Aidit: Sebelum Namanya Dihapus dari Sejarah

 

Aidit: Sebelum Namanya Dihapus dari Sejarah

Ia datang dari Belitung, sebuah pulau kecil yang kelak mengantarkannya ke pusaran sejarah paling kelam negeri ini. Namanya Dipa Nusantara Aidit. Tapi dalam lembar-lembar buku pelajaran, nama itu nyaris tak disebut. Ia lebih sering muncul sebagai bayang-bayang: tokoh gelap di balik tragedi, simbol dari ideologi yang dibenci, atau biang kerok dari malam berdarah yang hingga kini tak pernah benar-benar selesai diceritakan.

Namun sebelum semua itu, Aidit adalah seorang pemuda dengan buku-buku tebal di tangannya, dengan mata yang menyala oleh mimpi akan keadilan. Di masa republik baru saja merangkak dari penjajahan, ia menawarkan jalan lain. Bukan jalan Soekarno yang karismatik, bukan pula jalan tentara yang gemar menabuh senapan—Aidit datang membawa gagasan yang lahir dari api Revolusi Bolshevik, dari gema Moskow, dari penderitaan kaum buruh yang lapar dan petani yang tak punya tanah.

Ia menulis. Ia berpidato. Ia mengatur strategi. Di balik sorot matanya yang tenang, tersimpan semangat untuk meruntuhkan tatanan yang dianggap menindas. Dan anehnya, banyak yang mendengar. Bahkan sangat banyak.

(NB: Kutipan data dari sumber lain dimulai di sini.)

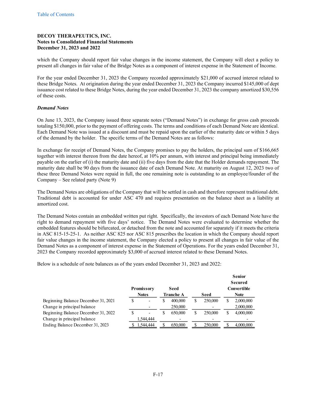 Table of Contents DECOY THERAPEUTICS, INC. Notes to Consolidated Financial Statements December 31, 2023 and 2022 F-17 which the Company should report fair value changes in the income statement, the Company will elect a policy to present all changes in fair value of the Bridge Notes as a component of interest expense in the Statement of Income. For the year ended December 31, 2023 the Company recorded approximately $21,000 of accrued interest related to these Bridge Notes. At origination during the year ended December 31, 2023 the Company incurred $145,000 of dept issuance cost related to these Bridge Notes, during the year ended December 31, 2023 the company amortized $30,556 of these costs. Demand Notes On June 13, 2023, the Company issued three separate notes (“Demand Notes”) in exchange for gross cash proceeds totaling $150,000, prior to the payment of offering costs. The terms and conditions of each Demand Note are identical. Each Demand Note was issued at a discount and must be repaid upon the earlier of the maturity date or within 5 days of the demand by the holder. The specific terms of the Demand Notes are as follows: In exchange for receipt of Demand Notes, the Company promises to pay the holders, the principal sum of $166,665 together with interest thereon from the date hereof, at 10% per annum, with interest and principal being immediately payable on the earlier of (i) the maturity date and (ii) five days from the date that the Holder demands repayment. The maturity date shall be 90 days from the issuance date of each Demand Note. At maturity on August 12, 2023 two of these three Demand Notes were repaid in full, the one remaining note is outstanding to an employee/founder of the Company – See related party (Note 9) The Demand Notes are obligations of the Company that will be settled in cash and therefore represent traditional debt. Traditional debt is accounted for under ASC 470 and requires presentation on the balance sheet as a liability at amortized cost. The Demand Notes contain an embedded written put right. Specifically, the investors of each Demand Note have the right to demand repayment with five days’ notice. The Demand Notes were evaluated to determine whether the embedded features should be bifurcated, or detached from the note and accounted for separately if it meets the criteria in ASC 815-15-25-1. As neither ASC 825 nor ASC 815 prescribes the location in which the Company should report fair value changes in the income statement, the Company elected a policy to present all changes in fair value of the Demand Notes as a component of interest expense in the Statement of Operations. For the years ended December 31, 2023 the Company recorded approximately $3,000 of accrued interest related to these Demand Notes. Below is a schedule of note balances as of the years ended December 31, 2023 and 2022: Senior Secured Promissory Seed Convertible Notes Tranche A Seed Note Beginning Balance December 31, 2021 -$ 400,000$ 250,000$ 2,000,000$ Change in principal balance - 250,000 - 2,000,000 Beginning Balance December 31, 2022 -$ 650,000$ 250,000$ 4,000,000$ Change in principal balance 1,544,444 - - - Ending Balance December 31, 2023 1,544,444$ 650,000$ 250,000$ 4,000,000$

Di bawah kepemimpinannya, Partai Komunis Indonesia tumbuh menjadi partai komunis terbesar di luar Uni Soviet dan Tiongkok. Tapi justru di puncak kekuatan itu, sejarah berubah wajah. Kudeta, konspirasi, dan peluru.

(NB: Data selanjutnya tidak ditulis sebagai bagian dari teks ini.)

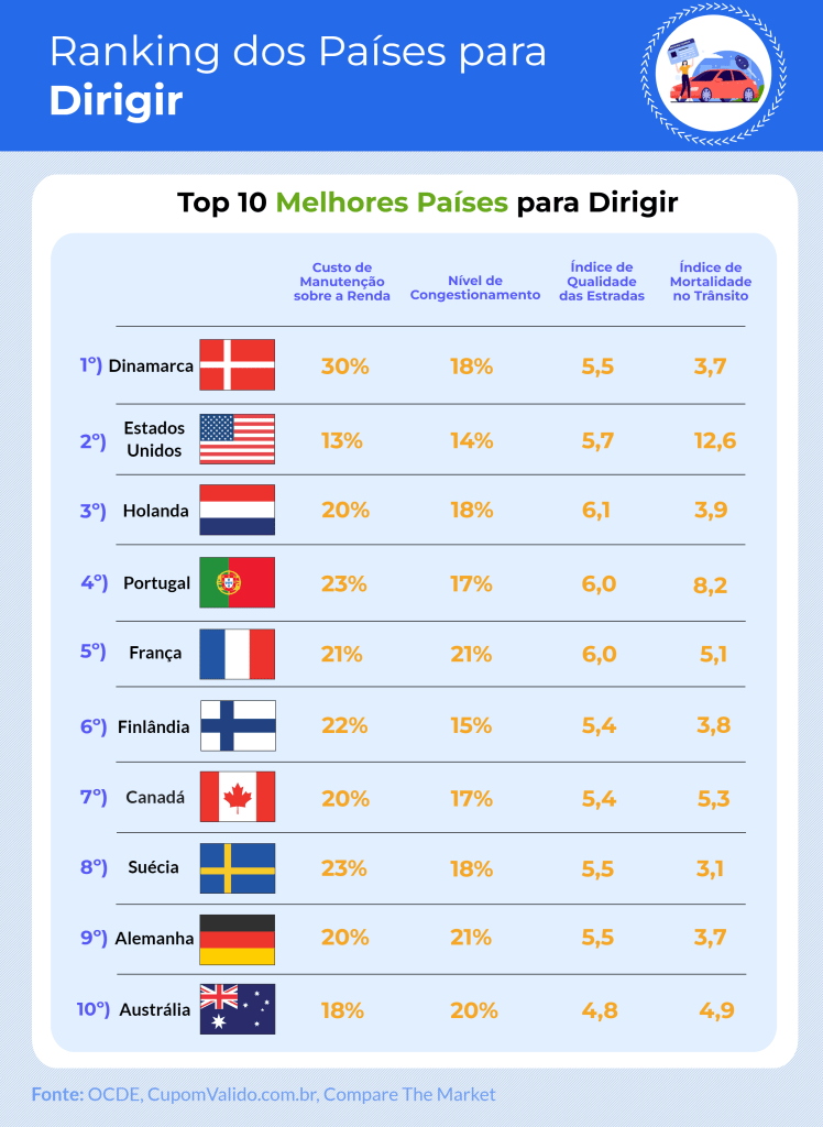 A Dinamarca é o melhor país para dirigir do mundo. O país possui um dos menores índices de mortalidade no trânsito, apenas 3,7 a cada 100.000 pessoas. Além de possuir estradas de alta qualidade (5,5) e baixo nível de congestionamento (18%).

Tahun 1965. Dalam semalam, Aidit menjadi buronan. Dikejar, ditangkap, dan akhirnya dibunuh. Tanpa pengadilan. Tanpa kesaksian. Hanya bisik-bisik yang diwariskan. Jenazahnya tak pernah ditemukan. Namanya dihapus dari ruang kelas, wajahnya tak lagi tampak di buku-buku sejarah, kecuali sebagai musuh bangsa.

Tapi apakah sejarah sesederhana itu?

Aidit bukan sekadar tokoh. Ia adalah cermin dari sebuah zaman—zaman yang mencari bentuk, yang penuh idealisme dan juga intrik. Kita boleh tidak setuju dengan ideologinya. Tapi menutup mata dari kisahnya, sama saja dengan membiarkan sejarah dikisahkan oleh yang menang saja.

Dan sejarah, sayangku, tak pernah sesederhana “baik” dan “jahat.”